From the Residual Histogram above, we see that the distribution of residuals is bimodal, where we have one peak around 0, and then another one around 0.5. For linear regression we would expect a unimodal normal distribution which is not the case here, hence this assumption is violated, confirming our earlier findings. However, with our target variable being binary, normality of the residuals isn’t expected in this case since our data is not continuous.

QQ Plots

gg_qqplot(model_updated)

In the above plot, there is a noticeable S-Shaped curve, and this indicates a possible heavy tails or non-linearity distribution. The reference line is the red line where the points would lie on for a normal distribution. For our case we see points start above the reference line, then dip below it at the middle, and then above it again towards the end. This essentially confirms our finding that the residuals are not normally distributed.

gg_cooksd(model_updated, threshold = "matlab")
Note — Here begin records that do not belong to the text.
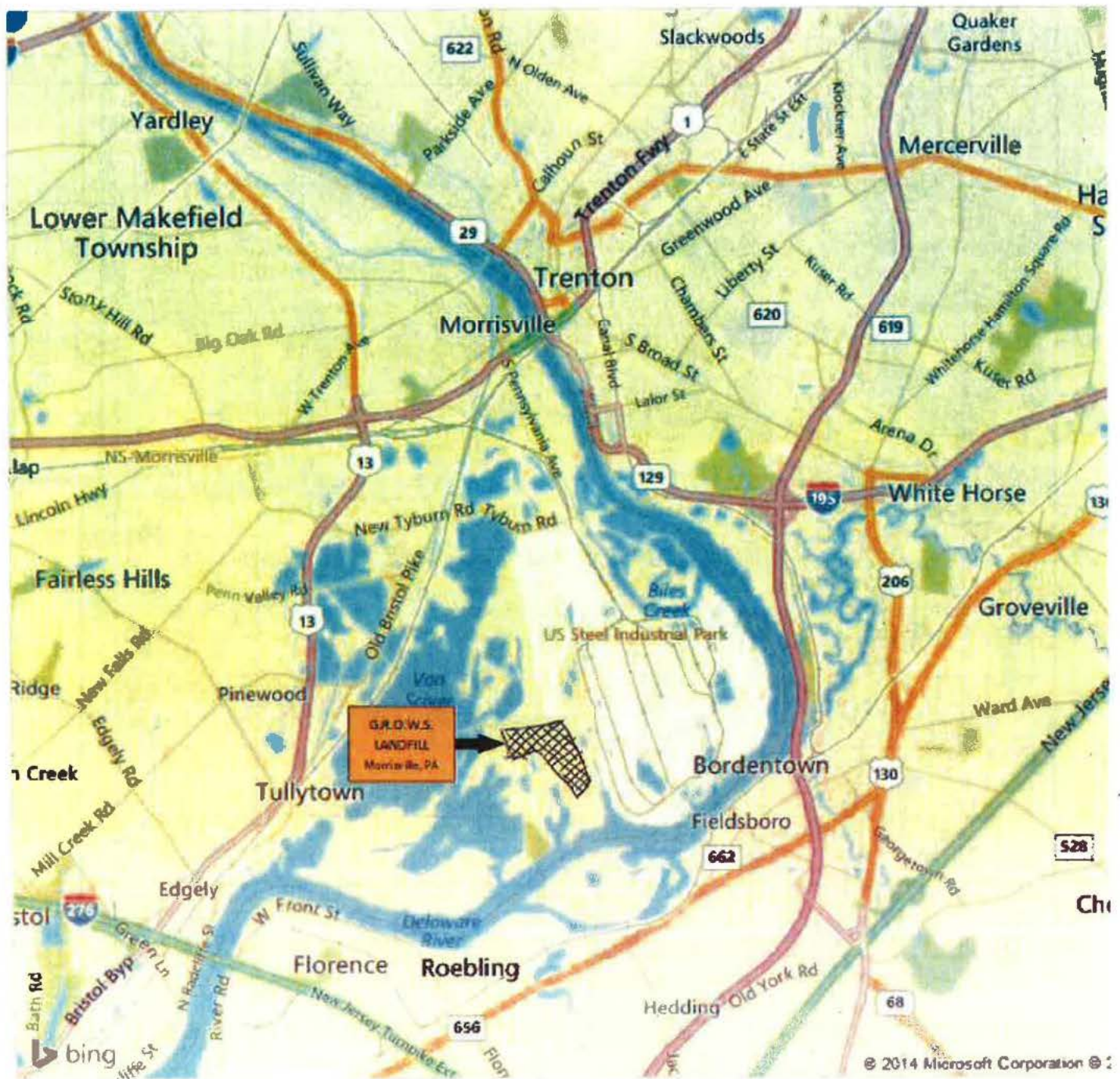
G.R.O.W.S. Landfill FIGURE 1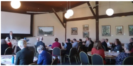
Seniors Summit, November

As our year draws to a close there are many members to acknowledge who have worked hard to make the Nillumbik U3A such a success.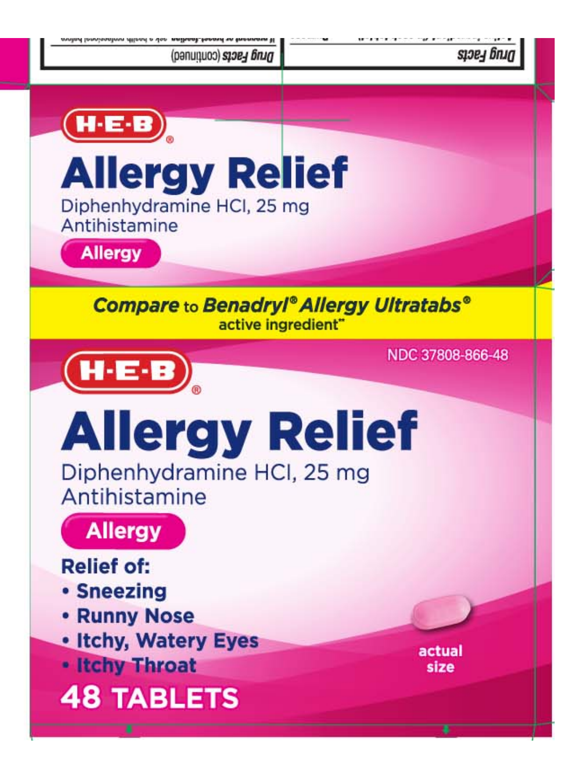
H-E-B Allergy Relief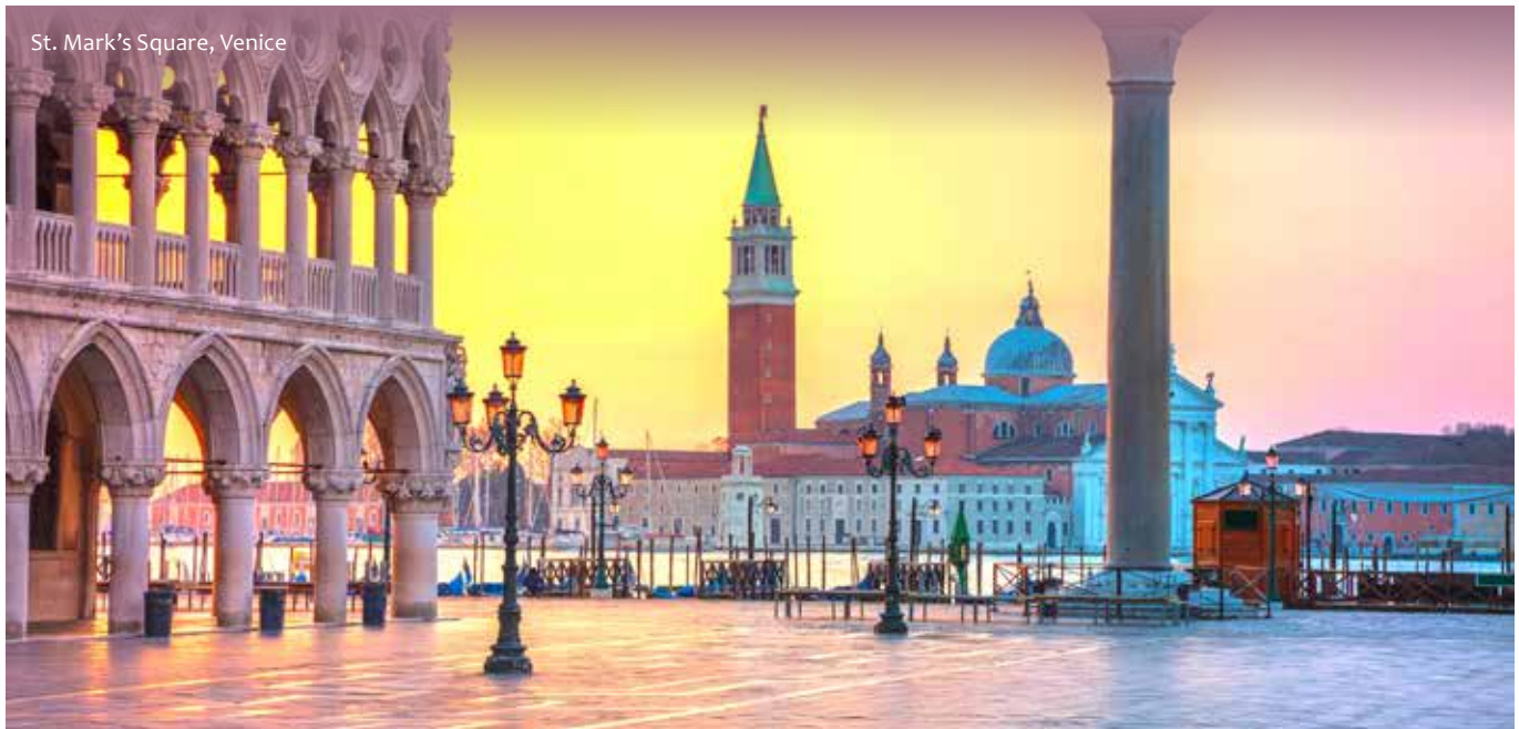
St. Mark's Square, Venice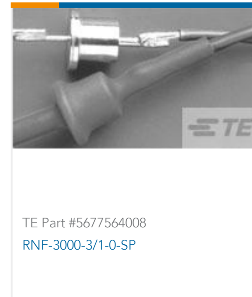
TE Part #5677564008 RNF-3000-3/1-0-SP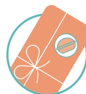
Great American Gift Card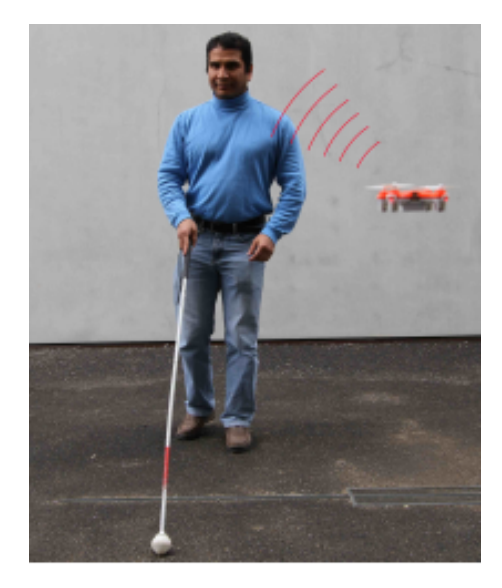
Figure 3: The sound of a drone is capable of guiding visually impaired.

The power potential of the motors limits the payload and can negatively impact the quality of force feedback. This can affect that a user cannot feel the drone dragging their hand [6] or that the level of resistance the drone can provide is not enough to stop the pushing of the users' hand [5].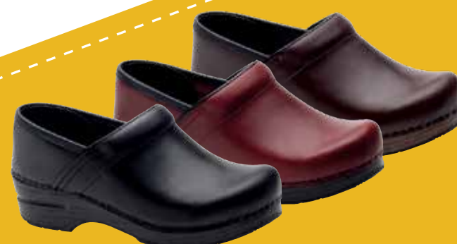
Professional Pull-up women's 35-43 (US 5-13) Black Pull-up Crimson Pull-up Brown Pull-up* Indigo Pull-up *Also available in Wide Pro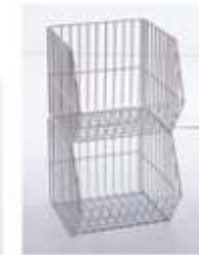
V4-4 Stackable Basket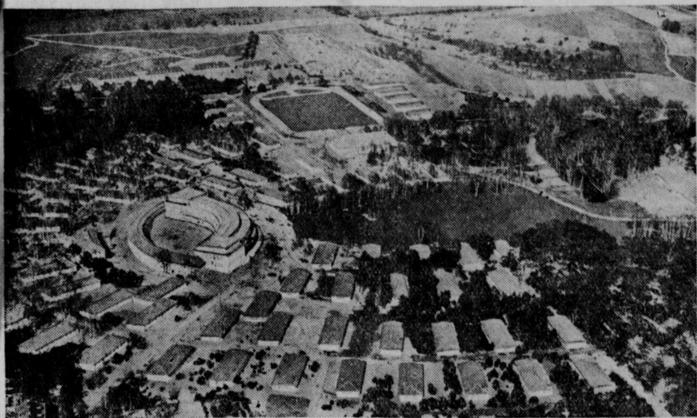
An aerial view of the Olympic village which has been completed on Berlin's outskirts, where the athletes from all over the world will be housed during the forthcoming Olympic games.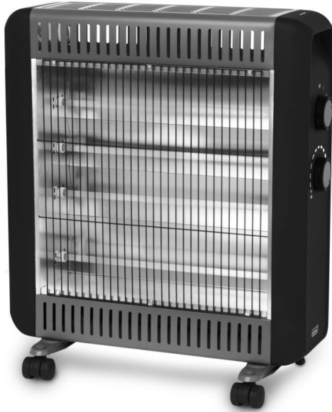
Main Body x 1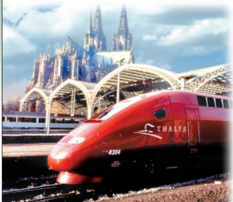
Thalys high-speed train near Cologne cathedral, Germany

Every European train station has its own personality – from historic to ultra-modern. Most are centrally located and offer a full range of services, including information desks, gift shops, luggage carts, ATMs, postal services, restaurants, telephones and currency exchanges. For help, simply look for the “i” – the universal symbol for information.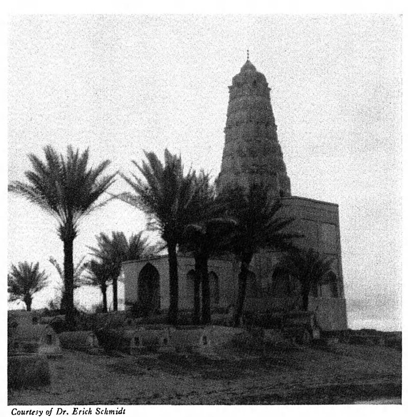
TOMB OF ZUBAIDAH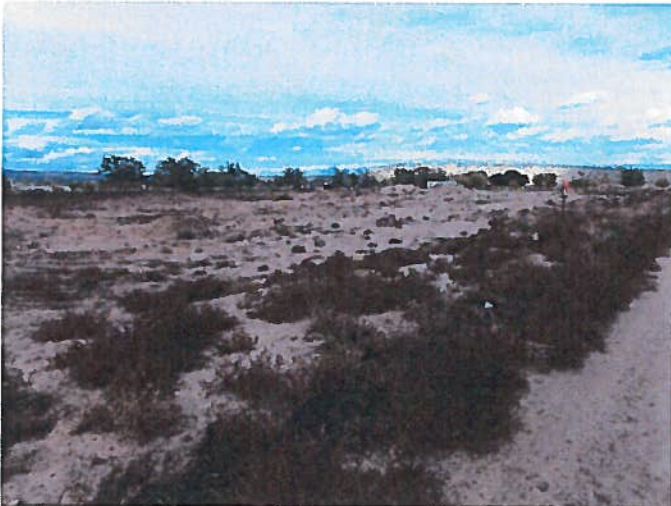
Figure 3: Pit area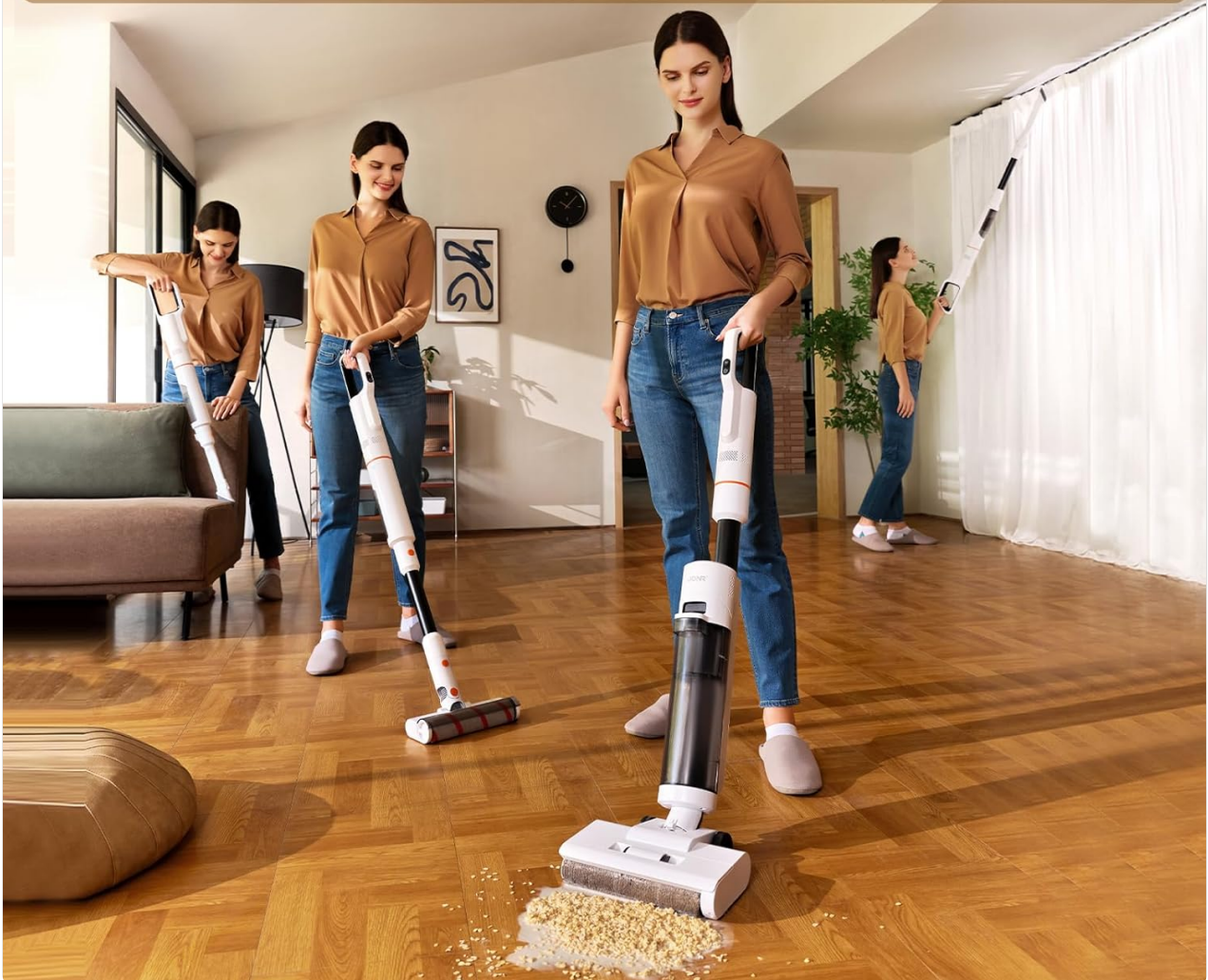
Figure 4.3: The JONR ED20 Pro offers sufficient battery life for whole-house cleaning.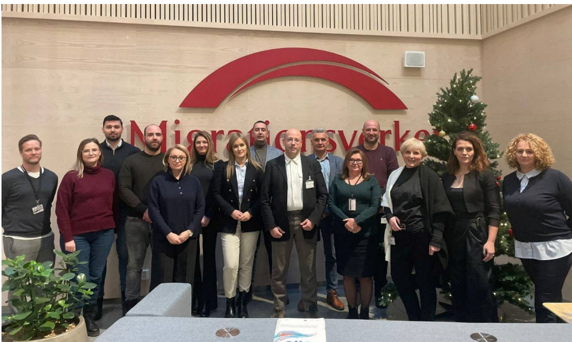
Activity Spotlight – Swedish Migration Agency in Stockholm, 13 December 2024

Seventeen participants, including representatives from WB beneficiary institutions, associated project partners – representatives from Federal Ministry of Interior of Austria and Ministry of Migration and Asylum of Greece, and members of the SMA Academy, attended the visit.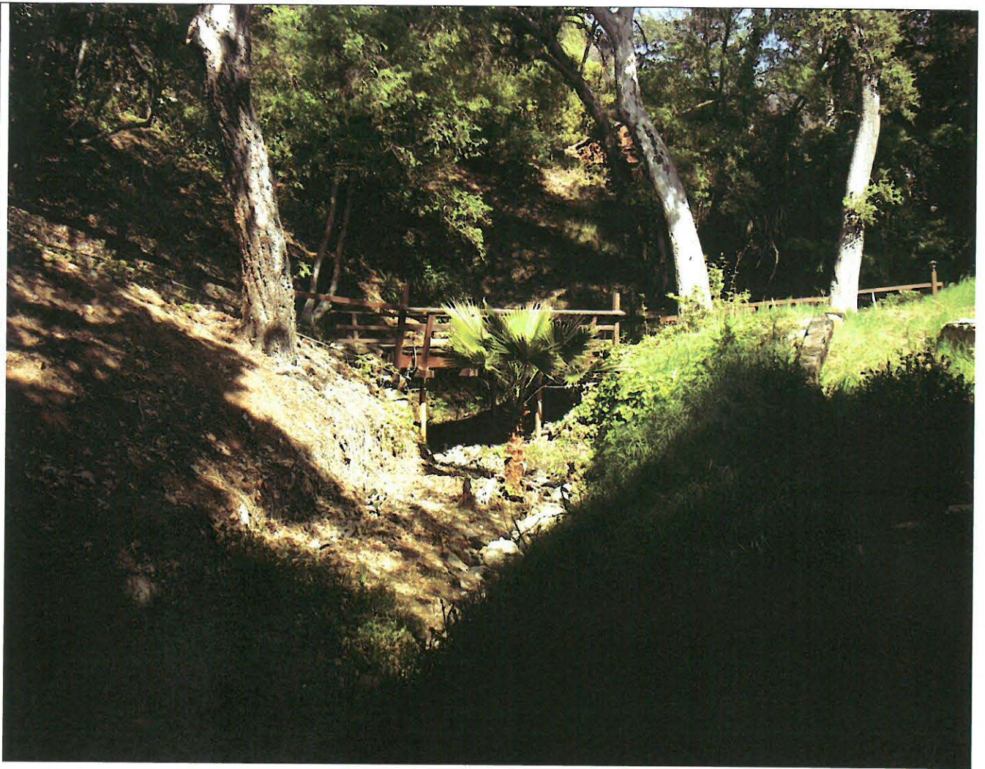
Photo 3. View of creek, facing east (upstream). Note clearly defined top of bank on both sides. The large-diameter tree to the right is a coast live oak; the other two are western sycamore.

Our Cook’s D plot shows points with higer Cook’s D when compared to the rest of the observations, the notable one being the observation with a value of 15357. This shows that such observation and other several observations that are way above the horizontal threshold red line, have significant influence on the model’s coefficients. Removing those points would change the behavior of our model significantly.
The several observations with relatively higher Cook’s D could mean that they represent unique subgroups within our census income data set e.g. top earners individuals that our model might not be able to handle.

Conclusion

In this Data Dive, we improved our model’s performance by introducing both an interactive term, and a binary term, as well as adding another predictor variable. This resulted in a higher value for R-squared and reduced residual standard error. We also experienced Simpson’s paradox in effect in the relationship of one of our predictor variables and the target variable. Finally, we made several diagnostic plots to investigate whether the model was following the assumptions of linear regression.
We note that since our target variable is binary, linear regression might not be the most suitable tool for building a model. In a matter of fact, our diagnostic plots have shown this to be the case. However, we understand the requirement for this data dive was to use a linear regression - that’s why we proceeded accordingly.